Our patient was initially diagnosed with anti-VGKC complex limbic encephalitis due to the subacute onset of symptoms, VGKC complex seropositivity and an initial favorable steroid response. Subsequent VGKC complex antibody titers were reduced, and further serum and CSF examinations to evaluate for Caspr2 and LGI1 antibodies were negative. These latter antibodies, which target proteins associated with the VGKC complex, are considered to be more definitive markers of autoimmune inflammation [
19]. However, the coincidental presence of VGKC complex antibodies in the setting of Mn toxicity and the patient’s initial improvement with immunotherapy raises the possibility that Mn toxicity-induced cell damage might trigger an autoimmune antibody response against the VGKC complex. Alternatively, the presence of the VGKC complex antibodies may have been a non-specific epiphenomenon, and his steroid response may have been due to a steroid-related acceleration in Mn distribution and excretion, as has been demonstrated in both animal and human studies [
34].
This report highlights the complexity in the diagnosis of chronic Mn toxicity with its non-specific presentation, especially when there is a time lapse between exposure and symptom onset with no definitive biomarker of exposure.

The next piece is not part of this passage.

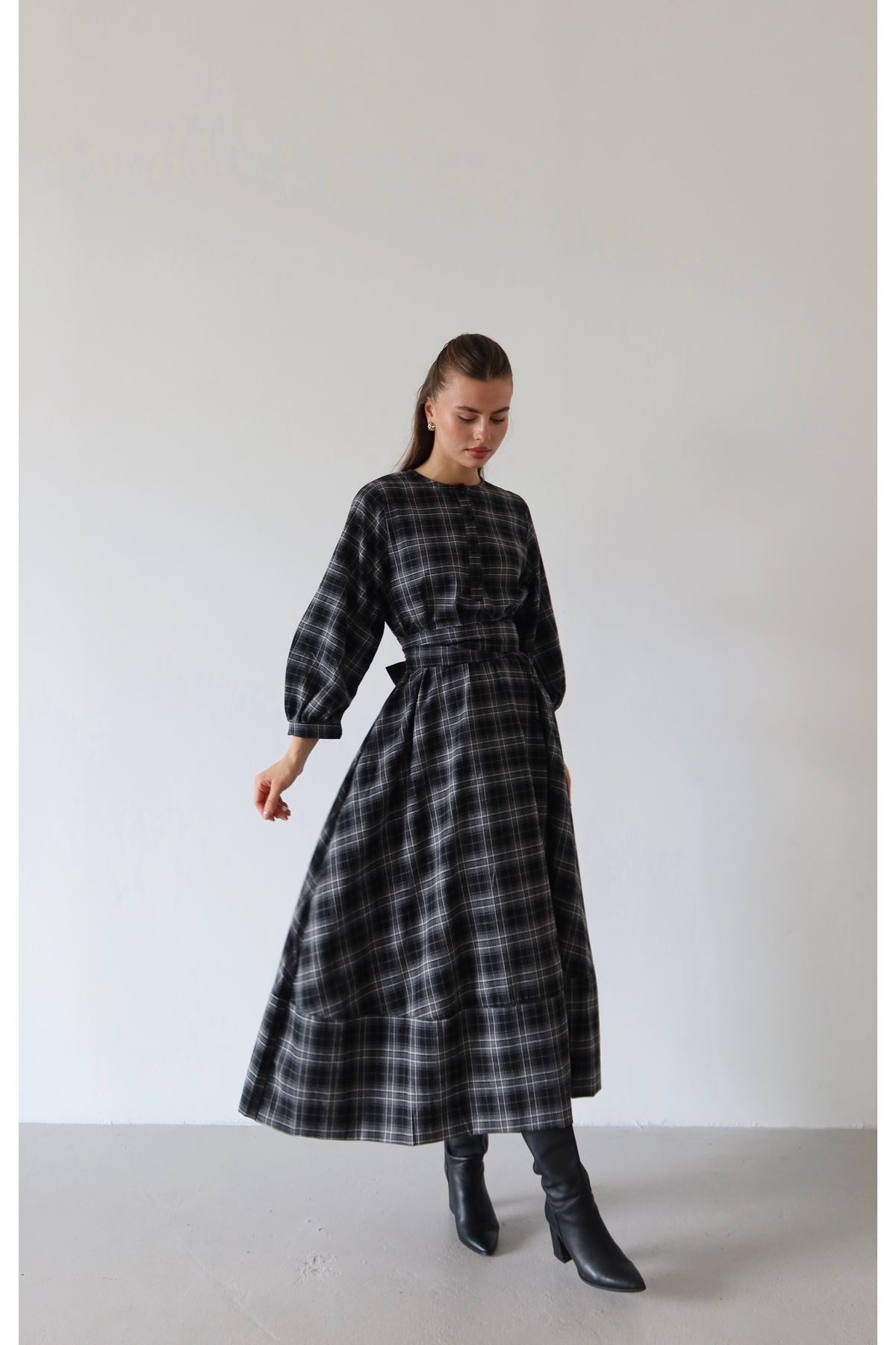 Ekose Desen Bel Pensli Elbise Ekose Desen Bel Pensli Elbise EH-6238 L

Furthermore, heavy metal testing is not a routine medical evaluation, and clinicians often have limited experience in the diagnosis and management of heavy metal poisoning. A high index of suspicion and a conscientious record of occupational history are essential. Our study also accentuates the importance of Mn toxicity prevention in occupational health, as no therapeutic option is viable with the progression of the clinical course once the neurodegeneration becomes permanent, even without further exposure. Lastly, there is a need to encompass a broad differential and consider a non-autoimmune trigger in patients who present with encephalopathy associated with anti-VGKC complex antibodies in the absence of Caspr2 or LGI1 antigenic specificity.